Exercise objective: Emit a verbatim copy of the lines below from the line with "One bedroom is" through the line with "daran mitarbeiten werde.", excluding pictures and everything outside that range.

Supplied entries:

==============================

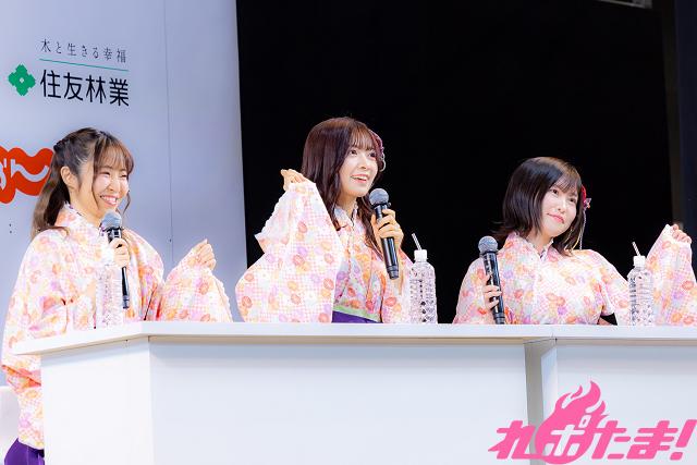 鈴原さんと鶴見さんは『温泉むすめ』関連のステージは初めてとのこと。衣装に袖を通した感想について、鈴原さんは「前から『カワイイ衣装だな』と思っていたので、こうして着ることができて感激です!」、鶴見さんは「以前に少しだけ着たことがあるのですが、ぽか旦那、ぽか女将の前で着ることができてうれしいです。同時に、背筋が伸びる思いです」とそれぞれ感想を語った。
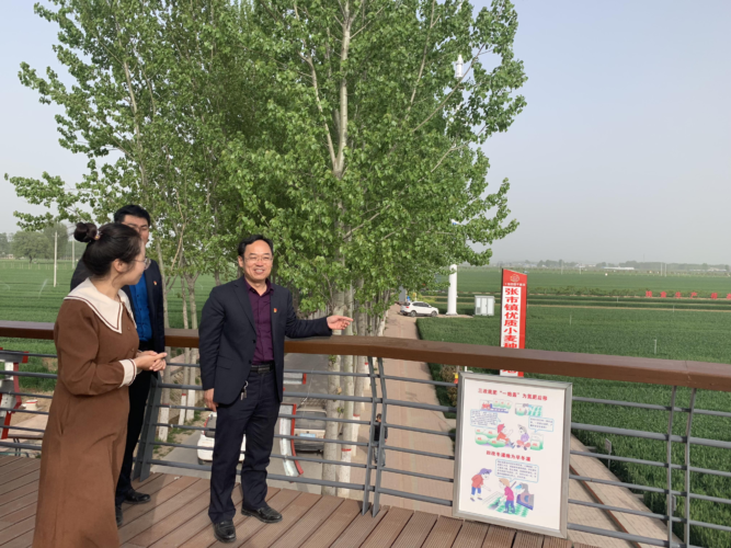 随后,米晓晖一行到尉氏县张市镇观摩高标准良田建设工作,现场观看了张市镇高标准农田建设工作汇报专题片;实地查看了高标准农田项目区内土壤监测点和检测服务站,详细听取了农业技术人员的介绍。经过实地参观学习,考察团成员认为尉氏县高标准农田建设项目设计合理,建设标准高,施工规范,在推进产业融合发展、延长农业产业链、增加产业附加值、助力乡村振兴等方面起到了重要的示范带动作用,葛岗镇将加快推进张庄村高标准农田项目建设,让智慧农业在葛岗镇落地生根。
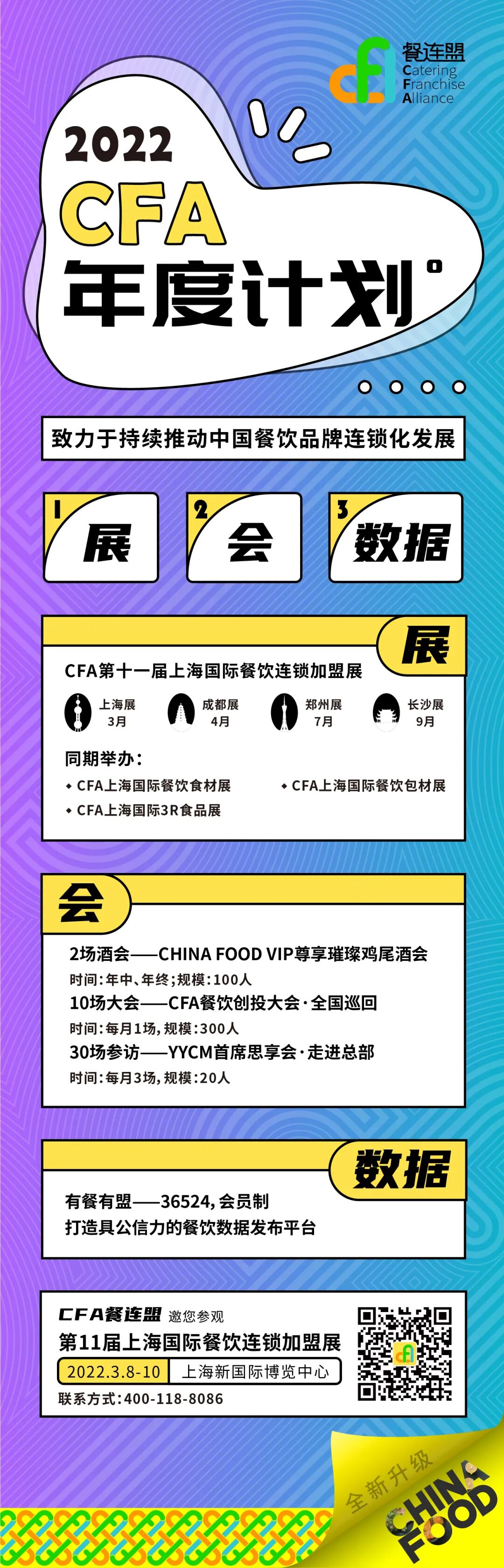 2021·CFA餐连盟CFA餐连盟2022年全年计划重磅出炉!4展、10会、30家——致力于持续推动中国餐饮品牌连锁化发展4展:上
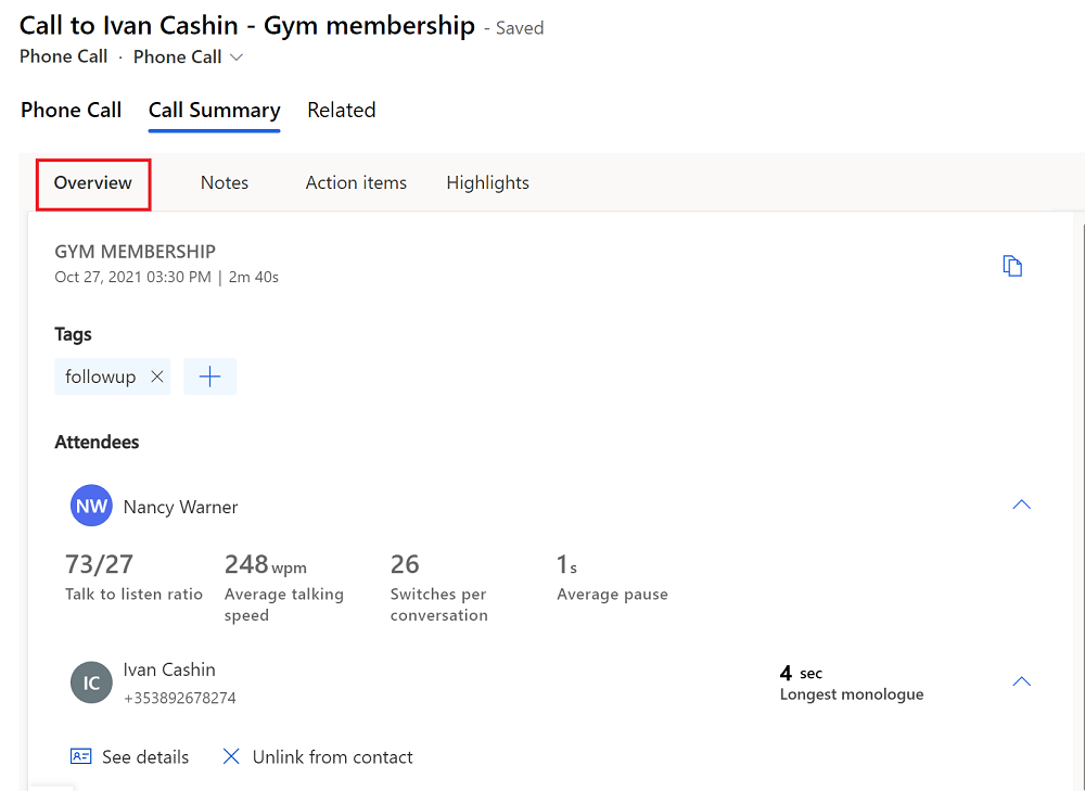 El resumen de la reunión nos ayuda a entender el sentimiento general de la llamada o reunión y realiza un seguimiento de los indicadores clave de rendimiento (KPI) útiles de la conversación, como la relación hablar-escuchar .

==============================

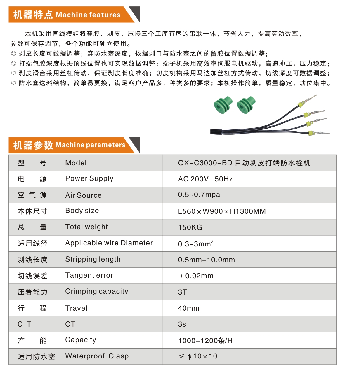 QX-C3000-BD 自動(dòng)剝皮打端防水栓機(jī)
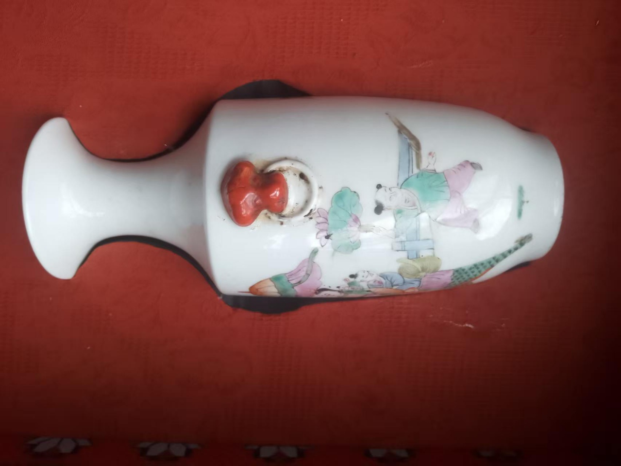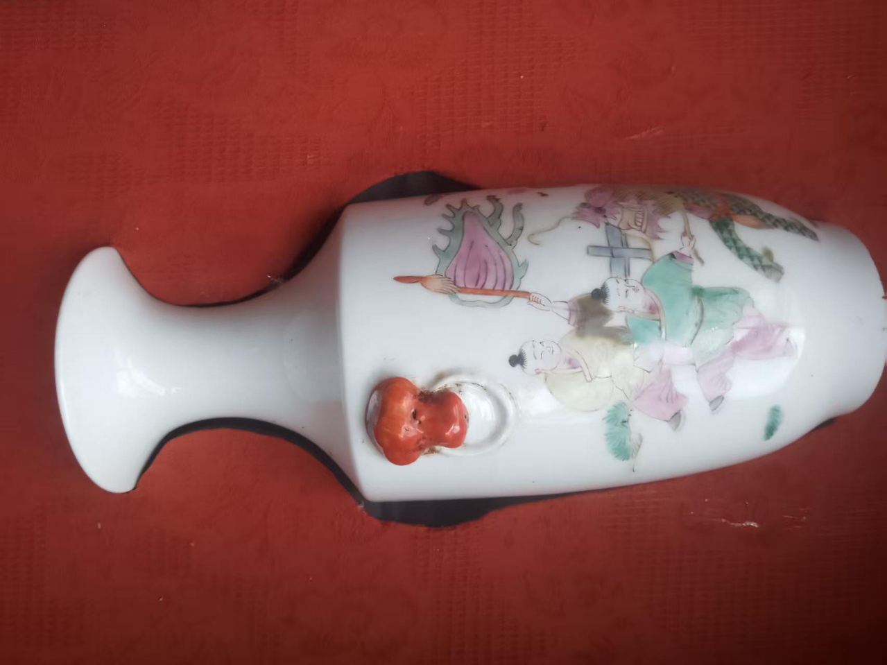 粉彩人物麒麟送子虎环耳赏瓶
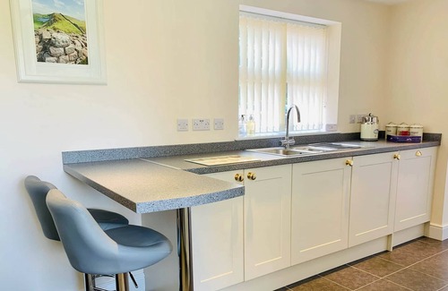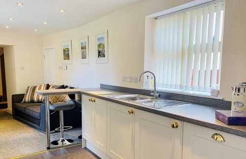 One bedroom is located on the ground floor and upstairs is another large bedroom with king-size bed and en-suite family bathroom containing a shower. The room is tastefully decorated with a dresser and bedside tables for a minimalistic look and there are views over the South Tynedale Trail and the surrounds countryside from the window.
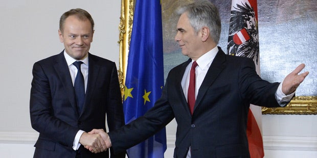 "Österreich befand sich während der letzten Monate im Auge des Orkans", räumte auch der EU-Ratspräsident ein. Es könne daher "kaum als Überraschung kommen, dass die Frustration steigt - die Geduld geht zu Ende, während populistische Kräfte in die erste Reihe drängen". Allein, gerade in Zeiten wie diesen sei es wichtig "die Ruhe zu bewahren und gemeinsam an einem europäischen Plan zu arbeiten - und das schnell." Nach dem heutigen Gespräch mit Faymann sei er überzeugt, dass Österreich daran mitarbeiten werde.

==============================

Answer box:
 One bedroom is located on the ground floor and upstairs is another large bedroom with king-size bed and en-suite family bathroom containing a shower. The room is tastefully decorated with a dresser and bedside tables for a minimalistic look and there are views over the South Tynedale Trail and the surrounds countryside from the window.
 "Österreich befand sich während der letzten Monate im Auge des Orkans", räumte auch der EU-Ratspräsident ein. Es könne daher "kaum als Überraschung kommen, dass die Frustration steigt - die Geduld geht zu Ende, während populistische Kräfte in die erste Reihe drängen". Allein, gerade in Zeiten wie diesen sei es wichtig "die Ruhe zu bewahren und gemeinsam an einem europäischen Plan zu arbeiten - und das schnell." Nach dem heutigen Gespräch mit Faymann sei er überzeugt, dass Österreich daran mitarbeiten werde.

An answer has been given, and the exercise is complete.